Nobody on Wall Street expected profits. Tesla delivered on that calculation and then some this Wednesday reporting a loss of $293.2 million, about twice what analysts were expecting according to Thompson Reuters, with $1.27 billion in revenue for the quarter. Despite the losses, investors were relatively sanguine, with shares down less than 1% in after-hours trading.
The company is currently on a spending spree, emptying the bank to develop its Model 3 production line; build Gigafactory, a battery factory in the Nevada desert; and add an average of one new retail locations every four days. Musk promised exponential growth for its vehicle production toward the end of the year in order to hit Tesla’s target of 500,000 cars by 2018, shortly after the Model 3 is due to roll off assembly lines.
Tesla spent much of 2016 playing catch up on car manufacturing goals. Musk said he “burned out a few neurons” trying to hit those targets. “We were in production hell for the first six months of this year,” he said during an earnings call. ”Now the producing line is humming…I’m not losing sleep over production issues.”

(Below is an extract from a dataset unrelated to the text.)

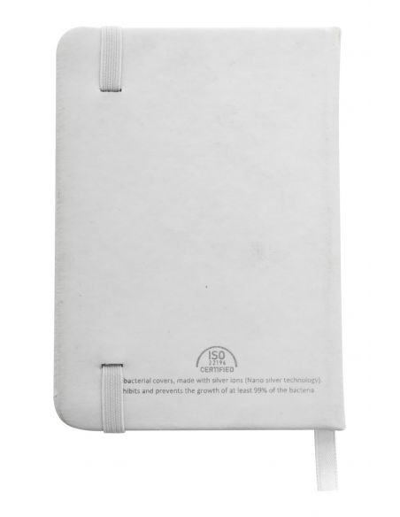 Antibacterial PU leather covered notebook with bookmark and rubber strap. With 80 blank sheets. B7 size. Contains nano silver additive preventing bacterial growth on the cover of the notebook. ISO 22196:2011 compliant.

Tesla manufactured a record 18,345 cars (all Model S or Model X) according to Wednesday’s announcement, up 18% over the previous quarter, with revenue climbing 33% for the quarter. But it only delivered about 14,400 of these (the rest are in transit). Tesla says it’s on track to hit its 2018 target, and expects to be making 2,200 vehicles per week (pdf) by the end of the next quarter and 2,400 by the end of the year.
Much of Wednesday’s discussion focused on corporate fiscal discipline. Tesla touted a reduction in labor hours per car, supplier discounts, more efficient factories, and quarterly capital expenditures falling about half of last year’s $400M. Musk said the company would be profitable, if it wasn’t for the financial efforts to get the Model 3 and Gigafactory off the ground.
The company is spending as fast money as it raises it. Its cash or cash equivalents are now at $3.25 billion, buoyed by the secondary stock offering of $1.7 billion this May and deposits on about 373,00 Model 3 orders. But Tesla expects to spend an additional $2.25 billion this year to support its accelerated production schedule.
The company has faced a litany of challenges this summer. In June, a Tesla Model S collided with a truck while Autopilot was engaged—the first recorded death in a semi-autonomous vehicle. The SEC is still investigating. Tesla has also been missing production targets, and analysts have generally been underwhelmed with its Solar City acquisition. But none of that seems to have mattered much for Tesla’s stock price. It’s down just 7% from its peak in the last year.